Correlation between optical flux and polarization variations in Flat Spectrum Radio Quasars on diverse timescales

Blazars are a special class of active galactic nuclei (AGN), whose radiation output is dominated by Doppler boosted non-thermal emission from their relativistic jets that are closely oriented to the observer’s line of sight (1995PASP..107..803U). Doppler boosting amplifies the measured radiation resulting in the observed flux hundreds of times larger than that emitted by the source. The emission from blazars is highly variable in all bands of the electromagnetic (EM) spectrum i.e. from radio to very high energy $\gamma$-rays (e.g. 1995ARA&A..33..163W; 1997ARA&A..35..445U; 2017ApJ...841..123P). These flux variations are observed on a wide range of timescales from minutes to years (e.g. 2004MNRAS.350..175S; 2020ApJ...890...72P; 2020A&A...634A..80R). The broadband spectral energy distribution (SED) of blazars consists of a two hump structure (1998MNRAS.299..433F; 2016ApJS..224...26M). The low energy hump is attributed to the synchrotron process and the high-energy hump is attributed to the inverse Compton (IC) process (2010ApJ...716...30A). The seed photons for IC scattering can be from within the jet (synchrotron-self Compton; SSC; 1981ApJ...243..700K; 1985ApJ...298..114M; 1989ApJ...340..181G; 1996ApJ...461..657B) or outside the jet such as accretion disk, broad-line region, and torus (external Compton; EC; 1987ApJ...322..650B; 1994ApJ...421..153S). In the flat spectrum radio quasar (FSRQ) category of blazars the high energy component of the SED is usually produced by the EC process, while in the BL Lacertae (BL Lac) category of blazars the high energy component of the SED is predominantly due to SSC process. However, some recent studies have also reported temporary SSC dominance on some FSRQs (e.g. 2018MNRAS.479.2037P; 2019A&A...630A..56P; 2020ApJ...891...68C; 2021ApJ...906....5A).

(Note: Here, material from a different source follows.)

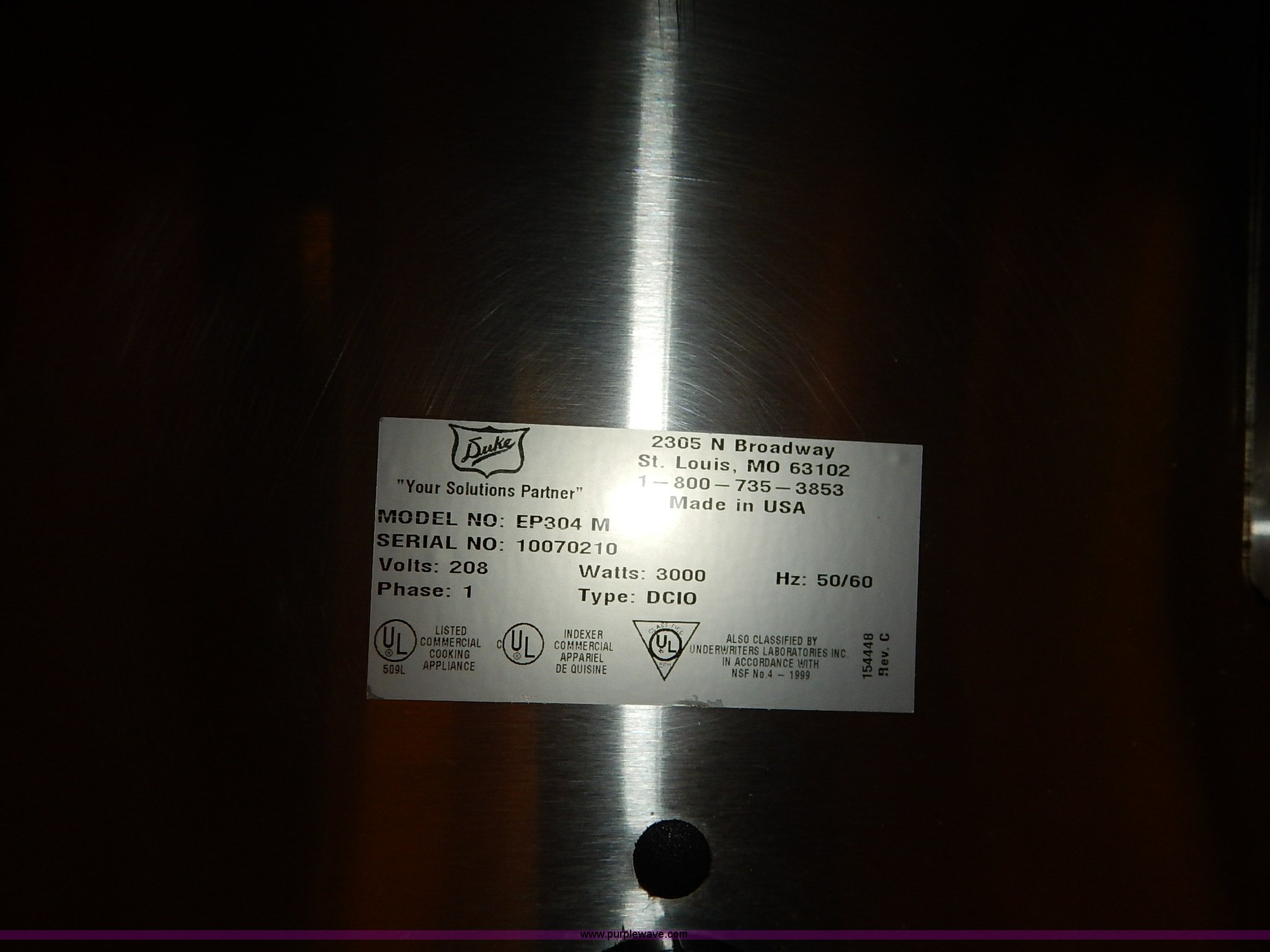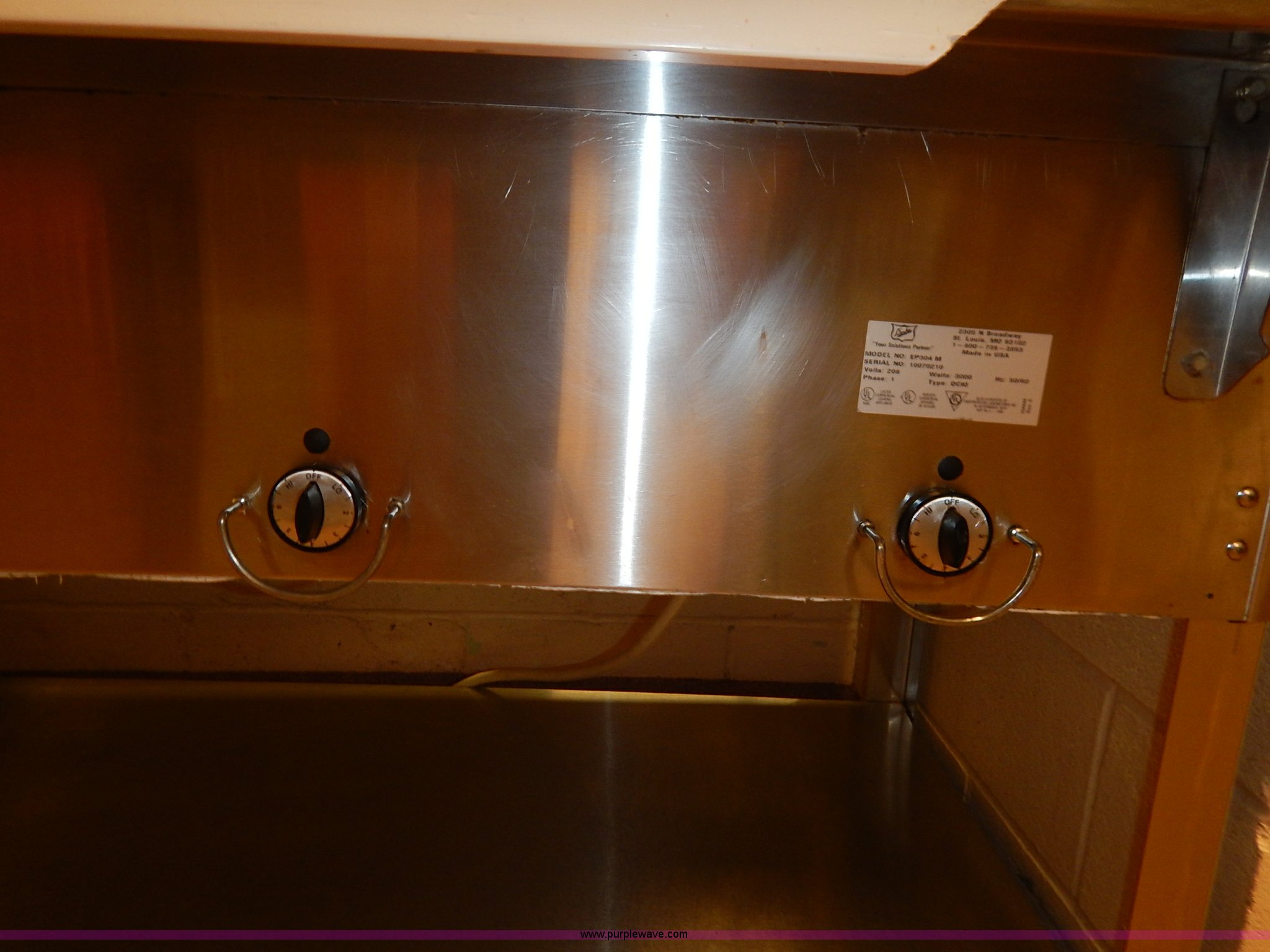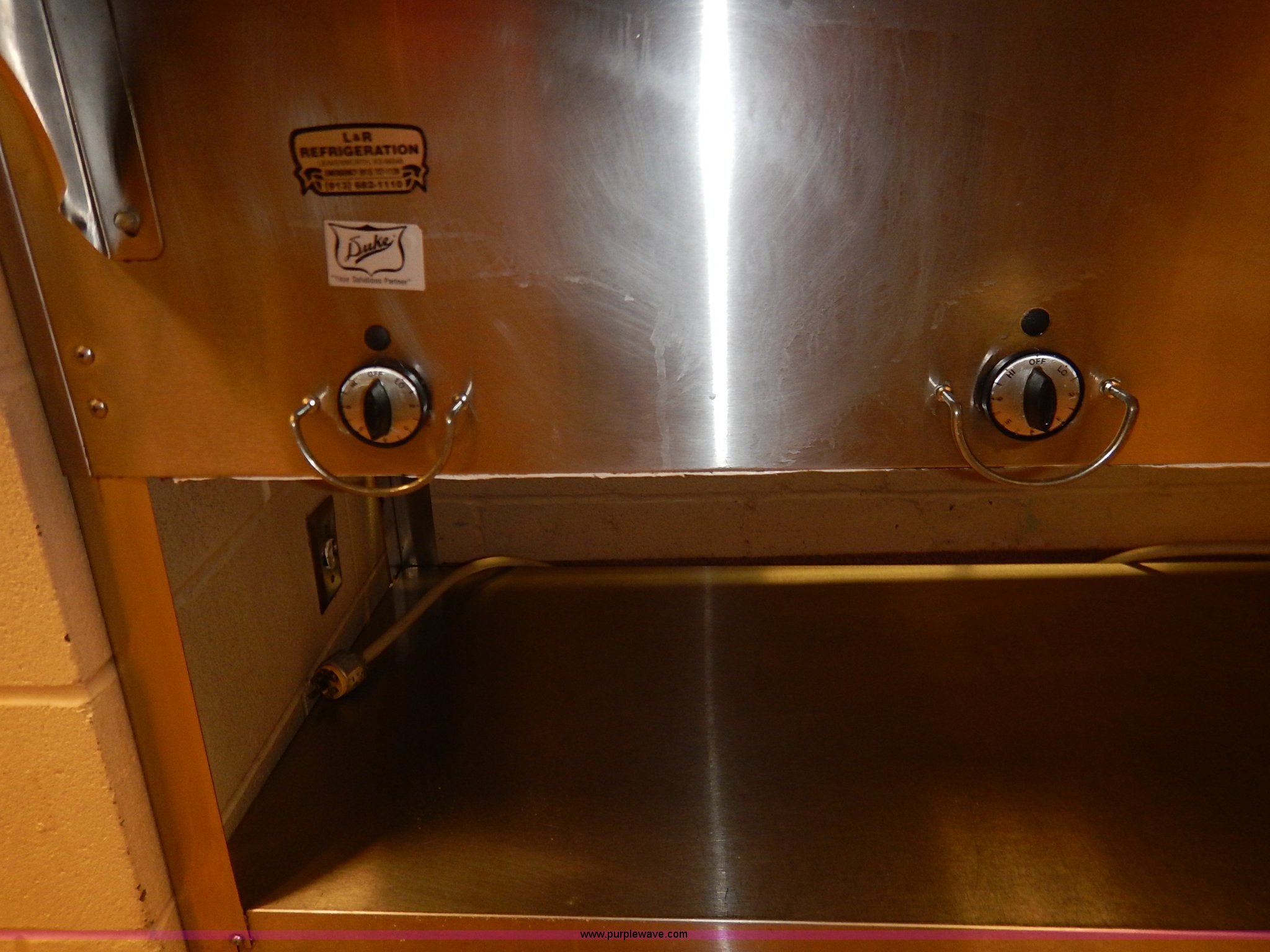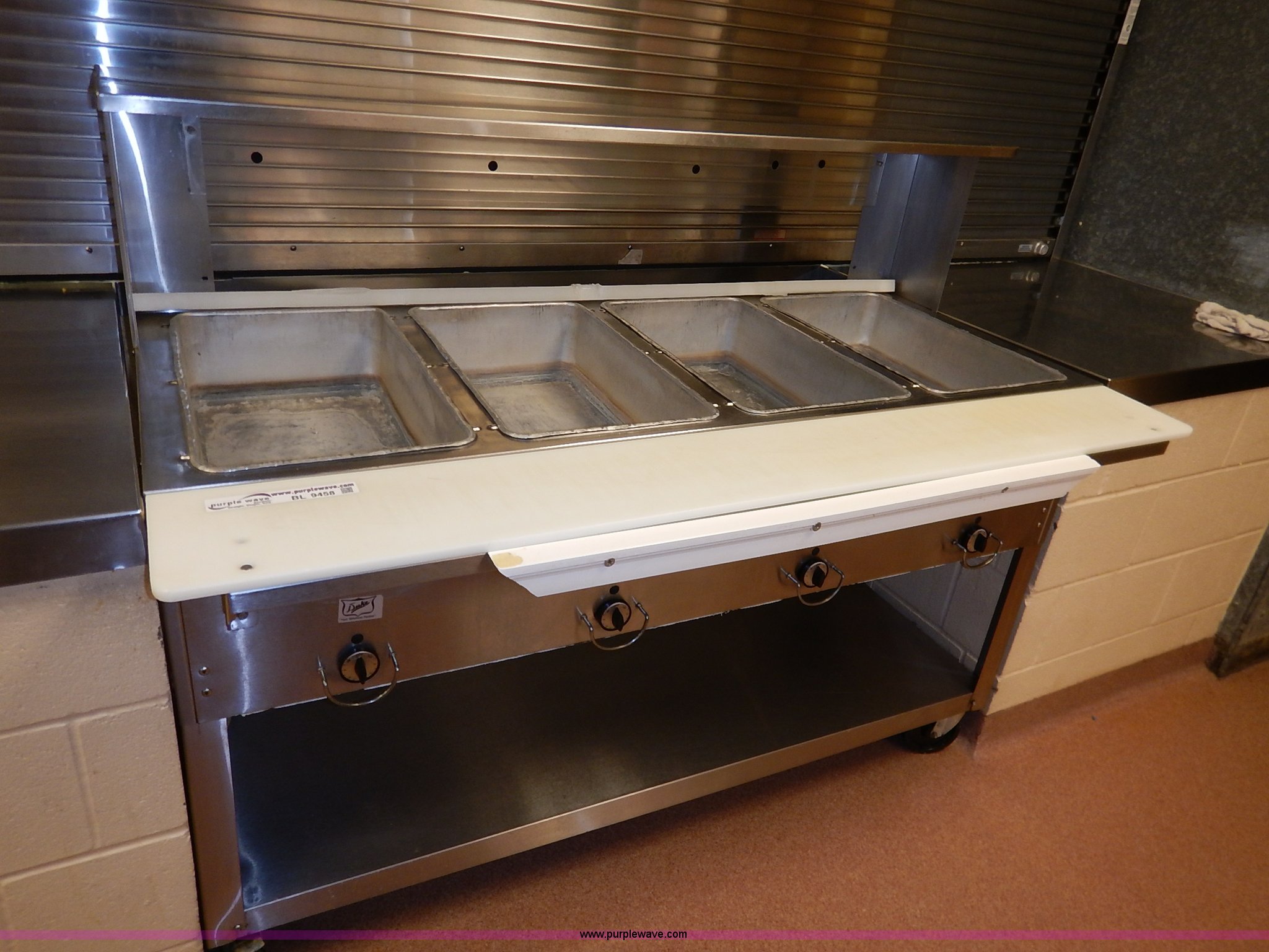 Purple Wave is selling a used Restaurant Equip. in Kansas. This item is a Duke four compartment serving table with the following: Model EP304M, 58.5"W x 29.5"D x 47.5"H, 208V, Serial 10070210

In addition to flux variations, FSRQs are also characterized by a high degree ($>$3%) of variable optical polarization. Optical polarization in quasars is known since their discovery about six decades ago (1966ApJ...146..964K) and subsequently optical polarization were measured for many sources (e.g. 1980ARA&A..18..321A; 1990A&AS...83..183M; 1998AJ....116.2119V; 2008ApJ...672...40H; 2016ApJ...833...77I). The observed polarized emission in optical as well as at other longer wavelengths from these sources provide strong evidence for synchrotron radiation process as a source of the low energy component of their broadband SED (e.g. 1978ApJ...220L..67S; 1990A&AS...83..183M; 1991ApJ...375...46I; 2001ApJ...562..208L; 2002ApJ...577...85M; 2011MNRAS.412..318M). Observations of polarized emission, therefore, provide valuable information on the magnitude and direction of the magnetic field within relativistic jets. Changes in the observed polarization position angle could be related to changes in the direction of the magnetic field in the jet along the observer’s line of sight. Moreover, as the flux variations in the optical and GeV $\gamma$-rays are connected (2009ApJ...697L..81B; 2012ApJ...749..191C; 2014ApJ...783...83L; 2015MNRAS.450.2677C; 2018MNRAS.479.2037P; 2020ApJ...891...68C; 2021ApJ...906....5A, however, see also 2019MNRAS.486.1781R; 2020MNRAS.498.5128R and references therein for no correlation between optical and $\gamma$-ray flux variations) flux and polarization variability observations at different wavelengths can provide important inputs on the connection between different emission regions in the jets of these sources. Also, observations with the Fermi Gamma-ray Space Telescope (hereinafter Fermi) have revealed a close association between the $\gamma$-ray flare and the rotation of the optical polarization position angle, which again can constrain the nature of the high energy $\gamma$-ray emission process (2008Natur.452..966M; 2010Natur.463..919A; 2010ApJ...710L.126M).